# [Material provided]
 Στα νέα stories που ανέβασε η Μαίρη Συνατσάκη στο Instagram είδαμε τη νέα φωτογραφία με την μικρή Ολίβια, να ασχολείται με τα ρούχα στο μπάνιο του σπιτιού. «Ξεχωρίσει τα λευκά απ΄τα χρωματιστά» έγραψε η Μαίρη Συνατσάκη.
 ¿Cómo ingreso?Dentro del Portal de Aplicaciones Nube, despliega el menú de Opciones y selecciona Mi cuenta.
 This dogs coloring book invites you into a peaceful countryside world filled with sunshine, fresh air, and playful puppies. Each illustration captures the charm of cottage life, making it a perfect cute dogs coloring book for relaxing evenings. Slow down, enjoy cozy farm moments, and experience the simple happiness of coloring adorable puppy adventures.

* * *

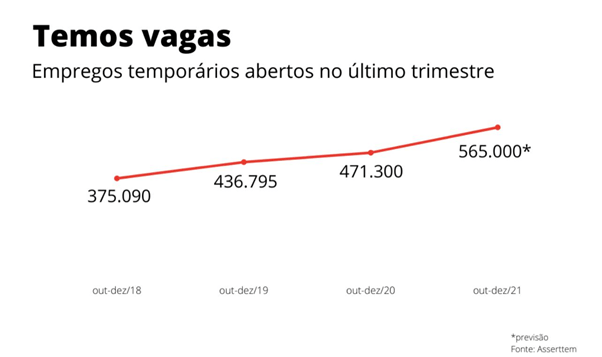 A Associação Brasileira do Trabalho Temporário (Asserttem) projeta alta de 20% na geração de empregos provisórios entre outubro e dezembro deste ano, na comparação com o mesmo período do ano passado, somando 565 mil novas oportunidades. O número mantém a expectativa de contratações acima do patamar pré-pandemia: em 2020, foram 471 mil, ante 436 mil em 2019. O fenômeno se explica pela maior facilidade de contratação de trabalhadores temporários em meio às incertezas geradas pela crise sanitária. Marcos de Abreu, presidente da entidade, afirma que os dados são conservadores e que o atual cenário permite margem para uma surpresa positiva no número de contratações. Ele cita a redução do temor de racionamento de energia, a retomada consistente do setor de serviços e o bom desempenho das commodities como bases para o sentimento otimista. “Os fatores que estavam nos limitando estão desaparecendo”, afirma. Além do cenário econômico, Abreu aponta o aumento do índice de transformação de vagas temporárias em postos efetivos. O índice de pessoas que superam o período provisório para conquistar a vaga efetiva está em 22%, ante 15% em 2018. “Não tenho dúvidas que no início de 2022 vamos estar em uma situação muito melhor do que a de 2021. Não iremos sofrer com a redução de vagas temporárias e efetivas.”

--

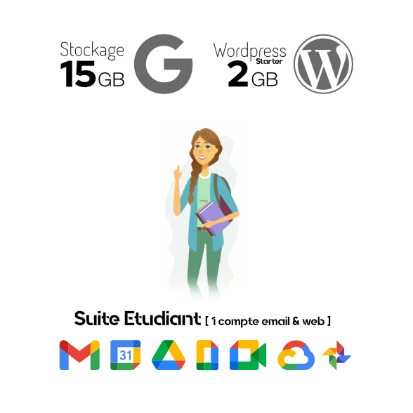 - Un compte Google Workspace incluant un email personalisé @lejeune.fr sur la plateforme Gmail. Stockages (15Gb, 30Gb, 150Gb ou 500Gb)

# [Your instructions]
When you reach the line containing "Στα νέα stories" in the data above, start copying exactly, and stop after the line containing "This dogs coloring".

# [Your solution]
 Στα νέα stories που ανέβασε η Μαίρη Συνατσάκη στο Instagram είδαμε τη νέα φωτογραφία με την μικρή Ολίβια, να ασχολείται με τα ρούχα στο μπάνιο του σπιτιού. «Ξεχωρίσει τα λευκά απ΄τα χρωματιστά» έγραψε η Μαίρη Συνατσάκη.
 ¿Cómo ingreso?Dentro del Portal de Aplicaciones Nube, despliega el menú de Opciones y selecciona Mi cuenta.
 This dogs coloring book invites you into a peaceful countryside world filled with sunshine, fresh air, and playful puppies. Each illustration captures the charm of cottage life, making it a perfect cute dogs coloring book for relaxing evenings. Slow down, enjoy cozy farm moments, and experience the simple happiness of coloring adorable puppy adventures.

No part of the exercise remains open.